What is headless scraping? ›

A headless browser is a web browser with no user interface (UI) whatsoever. Instead, it follows instructions defined by software developers in different programming languages. Headless browsers are mostly used for running automated quality assurance tests, or to scrape websites.

Is SlimerJS a headless browser? ›

SlimerJS is similar to PhantomJs, except that it runs on top of Gecko, the browser engine of Mozilla Firefox, instead of Webkit, and it can be headless or not.

How do I run a Puppeteer in Chrome? ›

By default, Puppeteer downloads and uses a specific version of Chromium so its API is guaranteed to work out of the box. To use Puppeteer with a different version of Chrome or Chromium, pass in the executable's path when creating a Browser instance: const browser = await puppeteer.

How do you scrape multiple pages using Puppeteer? ›

Scrape multiple pages in parallel using puppeteer-cluster - YouTube

Does Cypress use Puppeteer? ›

Cypress has its own IDE, Puppeteer does not have one and most of the industry uses VSCode or Webstrom with the puppeteer. Cypress supports multiple browsers but Puppeteer supports only chromium engine-based downloads.

What is puppeteer used for? ›

Puppeteer is a Node library that provides a high-level API to control headless Chrome over the DevTools Protocol. Also known as a Headless Chrome Node API, it is useful for automating the Chrome browser to run website tests. Fundamentally, Puppeteer is an automation tool and not a test tool.
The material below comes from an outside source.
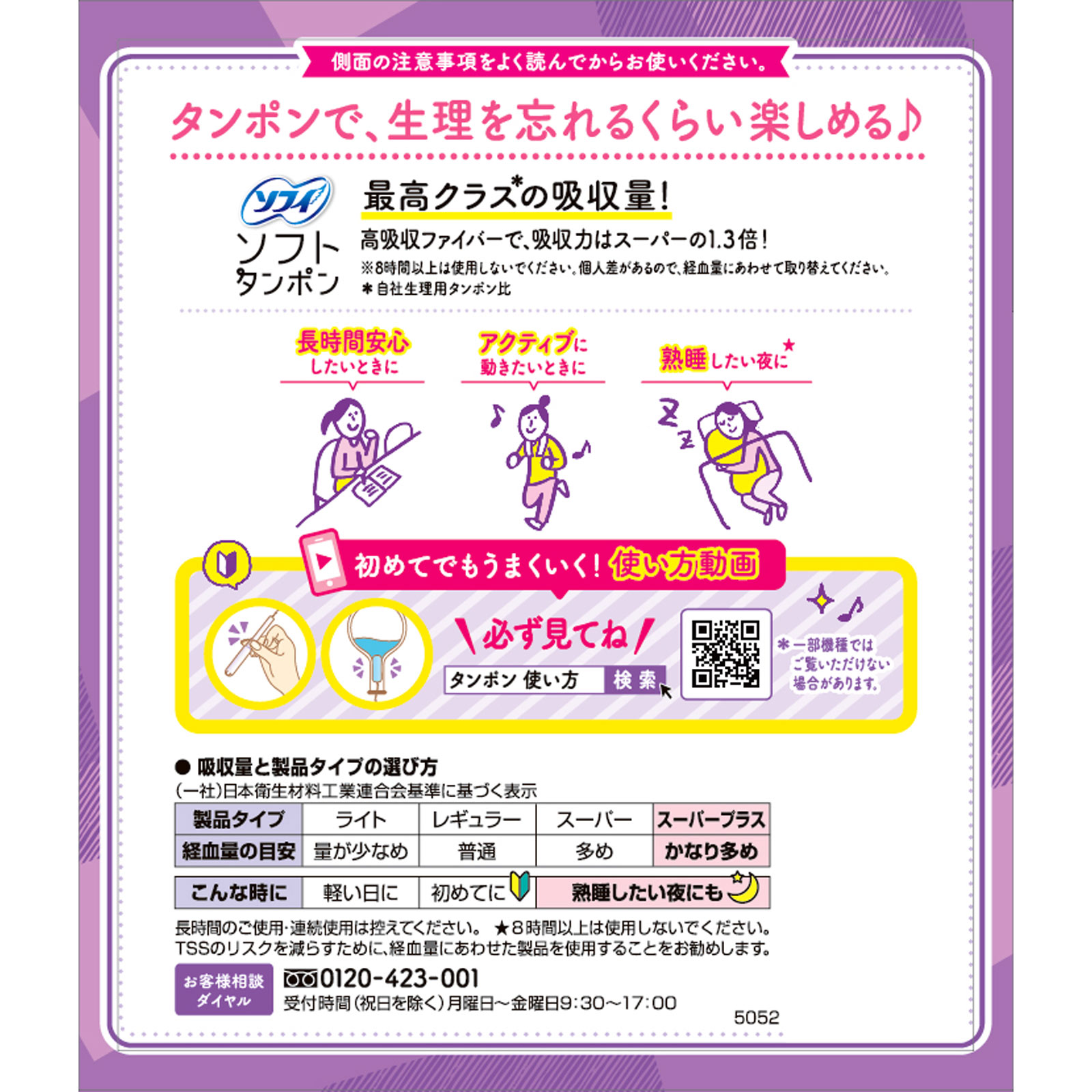 まとめ買いパック特に多い日用生理中でも思いっきり楽しめちゃうスーパーと同じ太さなのに吸収力1.3倍※※個人差があるので、経血量にあわせて取り替えてください。滅菌済タンポンで、生理を忘れるくらい楽しめる最高クラス*の吸収量!高吸収ファイバーで、吸収力はスーパーの1.3倍!*自社生理用タンポン比長時間安心したいときに アクティブに動きたいときに 熟睡したい夜に★●吸収量と製品タイプの選び方(一社)日本衛生材料工業連合会基準に基づく表示製品タイプ:スーパープラス経血量の目安:かなり多めこんな時に:熟睡したい夜にも★8時間以上は使用しないでください。

Is playwright better than puppeteer? ›

Puppeteer is a Node library which provides a high-level API to control headless Chrome over the DevTools Protocol. It can also be configured to use full (non-headless) Chrome. On the other hand, Playwright is detailed as "Node library to automate Chromium, Firefox and WebKit with a single API (By Microsoft)".

How do you scrape multiple pages using puppeteer? ›

Scrape multiple pages in parallel using puppeteer-cluster - YouTube

How do I scrape a website with Node? ›

How to Scrape a Web Page in Node Using Cheerio
  1. Step 1 - Create a Working Directory. ...
  2. Step 2 - Initialize the Project. ...
  3. Step 3 - Install Dependencies. ...
  4. Step 4 - Inspect the Web Page You Want to Scrape. ...
  5. Step 5 - Write the Code to Scrape the Data.
Jul 19, 2021

Videos

1. Web scraping with Puppeteer
(Cobalt Intelligence)
2. Puppeteer Web Scraper #2: Prettier Setup
(Kaniel Outis)
3. Web Scraping with Puppeteer in 10 minutes - IMDB Movie Scraping NodeJs
(Grohs Fabian)
4. Puppeteer Web Scraper #5: Browser Setup
(Kaniel Outis)
5. Puppeteer Web Scraper #1: Project Setup
(Kaniel Outis)
6. Nodejs Puppeteer Tutorial #2 - Grabbing Elements From HTML
(Michael Kitas)
Top Articles
Latest Posts
Article information

Author: Annamae Dooley

Last Updated: 09/10/2023

Views: 6095

Rating: 4.4 / 5 (65 voted)

Reviews: 80% of readers found this page helpful

Author information

Name: Annamae Dooley

Birthday: 2001-07-26

Address: 9687 Tambra Meadow, Bradleyhaven, TN 53219

Phone: +9316045904039

Job: Future Coordinator

Hobby: Archery, Couponing, Poi, Kite flying, Knitting, Rappelling, Baseball

Introduction: My name is Annamae Dooley, I am a witty, quaint, lovely, clever, rich, sparkling, powerful person who loves writing and wants to share my knowledge and understanding with you.